The allegations of the petition present this view
The power of a court of equity to enjoin a contract or a construction of a bridge in contravention of the Constitution and statutes is ample under equity jurisprudence as well as the statutes and laws of this State. [R. S. 1909, sec. 2534 et seq.; State v. Curators, 57 Mo. 178; Newmeyer v. Railroad, 52 Mo. 81; Davis v. Hartwig, 195 Mo. l. c. 399; Crampton v. Zabriskie, 101 U. S. 601.]

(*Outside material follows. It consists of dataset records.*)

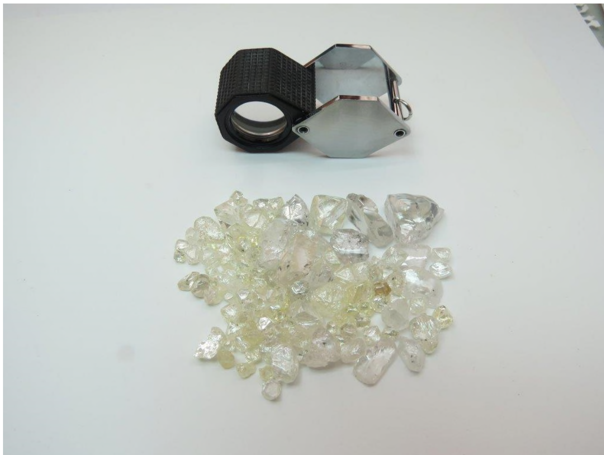
Selection of recent diamond recoveries from trial mining at the E46 alluvial terraces

These pink recoveries - together with the 4 carat pink recovered in the original exploration bulk sampling program - suggest the E46 diamond population should include fancy-coloured diamonds as well as large, high-quality gems.
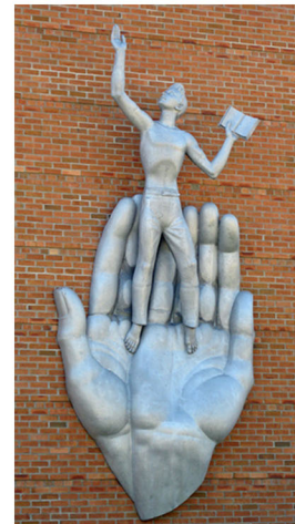
Youth in the Hands of God
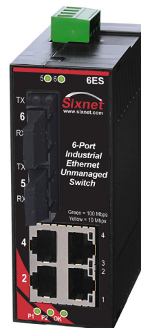
SL-6ES-4/5 Lexan Case Standard Temperature
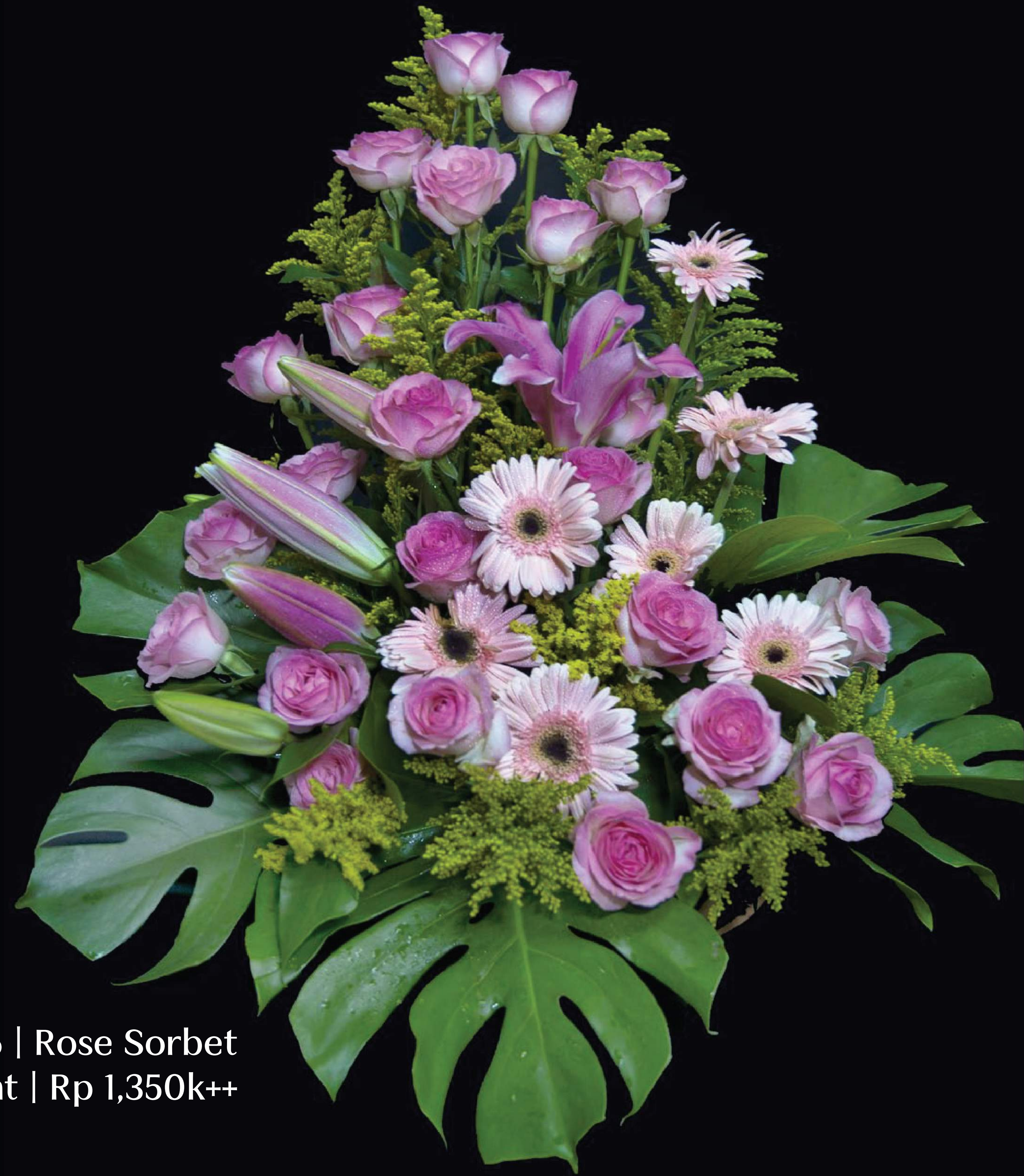
ARR 15 | Rose Sorbet Arrangement | Rp 1,350k++
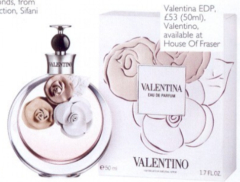
Valentina EDP, £53 (50ml), Valentino, available at House Of Fraser
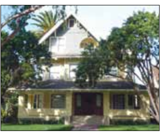
WALLACE HOUSE 2365 Scarff Street 7 Bedrooms - $8,000/month
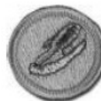
Leatherwork AM Limit 8
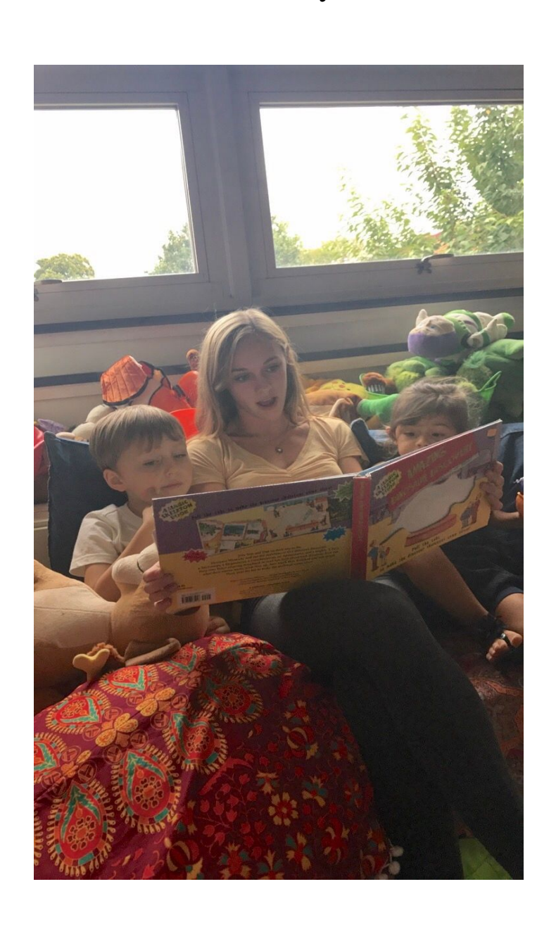
Standard: 1.1 PK.B Identify basic features of print

EMERGENT LITERACY Literacy development helped me acquire the skills of communication, writing, and preparation for reading.
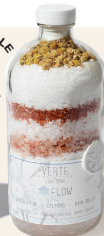
Mind + Body Stress Relief Bath Soak VERLF1 | $55
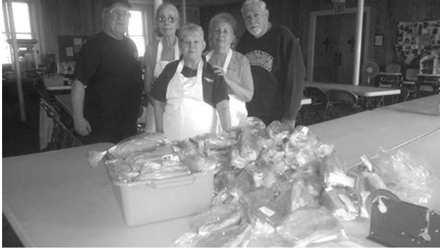
Some of the assemblers for the Kidsville Hoagie Fundraiser.
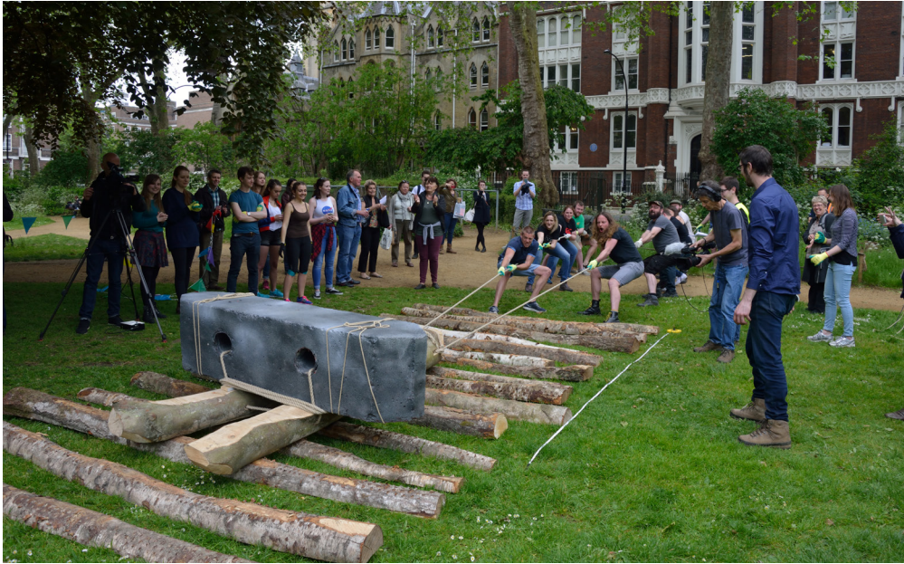
Figure 4: The stone dragging experiment in Gordon Square garden.
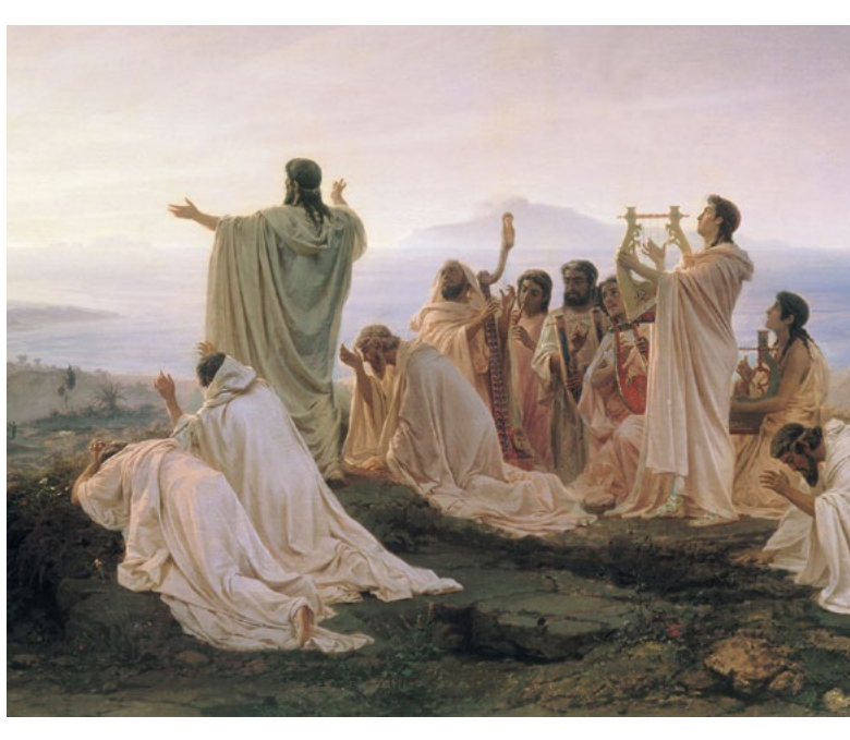
Pythagoreans Celebrate the Sunrise by Fyodor Bronnikov (1869)

The cases relied on by relator do not support his contention. As far as they are in point they simply announce the doctrine that in the exercise of its “judicial function,” the county court cannot be controlled or interfered with by other courts; but none of them sustain the proposition that in the performance of such ministerial act as befits the agent of the people in constructing bridges for their benefit they are exempted from compliance with the Constitution or statute regulating these duties, or free from the control of courts of equity at the instance of the taxpaying citizens of the county. In other words, if the regulatory provisions of the Constitution and statutes are binding upon the judges of the county court, then they are not vested with limitless power in the matter of letting contracts and using the money of the county to pay for building bridges, and this being conceded it necessarily follows that a.court of equity is the proper forum to give preventive relief.
We think that Judge Woodside was possessed- of jurisdiction to try the case made by the petition filed in the circuit court of Pulaski county, and that the writ of prohibition was improvidently granted. It is therefore quashed.